I am joyfully reading a new book about writing: The Destiny Thief, by Richard Russo. Note that word “joyfully.” I can’t remember the last time I read such a wonderful book about writing. The only author I can come up with is Theodore Bernstein. Please, please – surely there have been other good books about writing since I read Miss Thistlebottom’s Hobgoblins twenty years ago!

Maybe not. So let’s talk about Richard Russo. I did not – I’m sorry to admit – enjoy his novel Empire Falls. But I loved Straight Man. It’s one of the rare books that left me feeling empty and bereft when I got to the last page. I couldn’t let go of the characters.

I had low expectations for The Destiny Thief. Most books about writing are…dull. I’ve heard it all before, and often the writing isn’t very good.
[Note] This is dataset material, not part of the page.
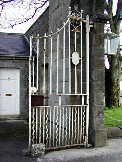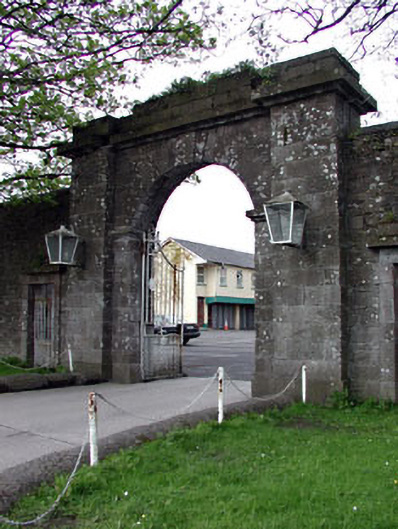 Squared rubble limestone boundary walls, built c.1835, with ashlar coping. Accessed through round-headed arch with flanking piers having cornice above. Flanked by pedestrian gates with ashlar limestone surrounds. Double and single cast- and wrought-iron gates to openings. Theses entrances are protected by gun loops in a flanking wall.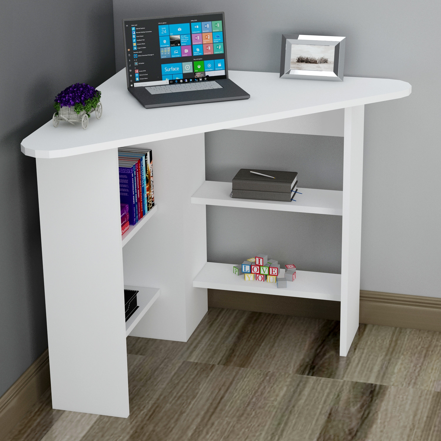 Biely, jednoduchý rohový písací stôl CORNER si zamilujete v menšom byte alebo detskej izbe, kde vám ušetrí veľa miesta.

So I was delighted when I came upon this on page 1, where Russo is describing a conversation with one of his university professors:

My prose, he explained, was full of jargon and intellectual pretension. Most writers had about a thousand pages of shitty prose in them, he went on, and these have to be expelled before they can hope to write seriously. “In your case,” he added, “make it two thousand.”

Amen. Amen.

So how do you make the switch from “shitty prose” to good writing? I don’t have any foolproof formula to teach you how to write well. But I do have three suggestions.

1.  Monitor your own feelings while you’re reading. If you’re reading something and start experiencing the Yippee! feelings I had while reading The Destiny Thief, go back and read it again. Try to figure out what makes this piece so wonderful – and do likewise.

2.  Make a vow that you’re always going to aim to create that feeling for your readers.

3. Read the New York Times.

Here are a few sentences from a page 1 story in last Friday’s Times about the 73 million Rohingya Muslims who have fled Myanmar:

The Rohingya have not returned by the hundreds of thousands, or even by the thousands.
In fact, they have hardly returned at all.
After all the assurances that it was safe for them to return to Myanmar, only a few dozen have done so. The first batch of about 1200 returnees was supposed to be sent home in January 2018….

That is gorgeous writing. No pretension. Why doesn’t everyone write like this? (Why don’t I always write like this? I hope I do part of the time. But why not all the time?)

It’s so readable and clear – and so human. You’re drawn in to the story. You understand the problem that journalist Harriet Beech is describing, and you’re trying to figure out what’s coming next. She’s piqued your interest, and you want to keep reading.

I ran it through seven readability formulas. They all placed it in the “difficult range” – 11th or 12th grade. But it’s still eminently readable. Pleasurable. The only slightly difficult words are “assurances” and “returnees.” What lovely, lovely writing.